Amidst a volatile environment rife with geopolitical turmoil, commodity market fluctuations, and a general sense of unease, the benchmark S&P 500 finally showed signs of pricing in the negativity of “real-time” conditions. Since peaking on the first day of trading in March, the index is down -2.4%. Year-to-date, investors are up only four-tenths of a percent, hardly the ringing endorsement of a domestic economy in recovery. As such, many have turned to emerging markets, specifically funds that track the performance of a basket of foreign equities. Since the beginning of the year until now, popular exchange traded funds such as Vanguard FTSE Emerging Markets ETF (VWO) and iShares MSCI Emerging Markets ETF (EEM) are each up approximately 3.5%.
As can be expected, the most recent survey of market investors conducted by Societe Generale indicated that 61% of respondents were bullish towards the emerging market sector. However, a sharp decline in sentiment for that sector’s investment potential was noticed amongst hedge fund managers. Societe Generale went on to state:
“This is all the more true for the medium-term (three-month) outlook, on which hedge funds are now outright bearish. There is a major divergence of views between hedge funds and real money investors, with the latter remaining solidly bullish over three months (66.7% of total). In terms of positioning, EM investors have marginally curtailed their risk positions compared with February, especially on the hedge fund side The overall positioning index declined to +0.72, reflecting a moderate bias towards bullish risk taking.
The technical picture has weakened compared to February, notably reflecting the negative impact of real-money investors. In fact, the majority of real-money investors now feel over- invested, which is bad news for the market’s technical position.”
(DeFotis, Dimitra. “Hedge Funds More Bearish On Emerging Markets. Barron’s. April 2, 2015. Web.).

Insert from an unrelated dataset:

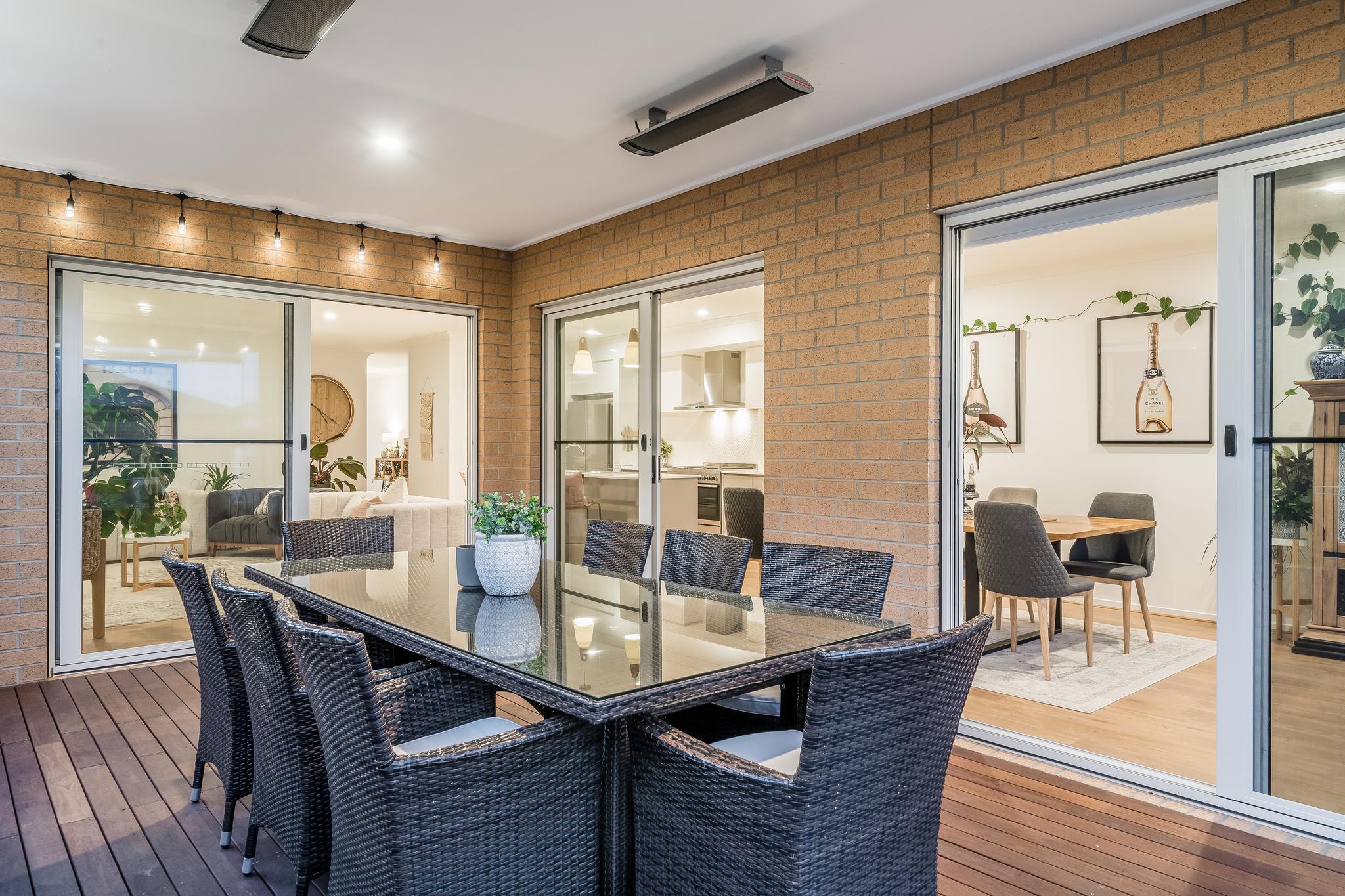 Outdoor: Deck, undercover alfresco, low maintenance yard, grass, garden shed, cafe blinds and strip heating for year round comfort

The split narrative between “real money” investors and hedge funds is particularly noteworthy due to the profitability potential of emerging market funds. Using VWO as an example and incorporating the above “medium-term” time frame, the average performance of this ETF over the past three months is 1.83%. Given this condition, the probability that VWO will rally over the next three months is 55%, for an average gain of 7.71% per the below chart:
Real money investors are likely to jump on any opportunity where the odds are in their favor. The same can be said for the hedge fund manager, of course, but their particular approach to the emerging markets hides a subtlety that may be missed by casual observers. Despite the current probabilities, advanced investors may note that for VWO in particular, lower monthly averages beget significantly lower odds of future (near-term) profitability. What the technical charts show for several emerging market funds, including VWO, is that their best run — at least for the interim — may be behind them. The fact that the investors with the finest research tools and complex algorithmic trading systems are lowering their exposure to this sector is another confirming indicator that emerging markets may be a fool’s bet.
There may still be money to be made in foreign markets: no one is suggesting a correction tomorrow. However, the polarizing effect that this subject has created certainly warrants a higher degree of caution.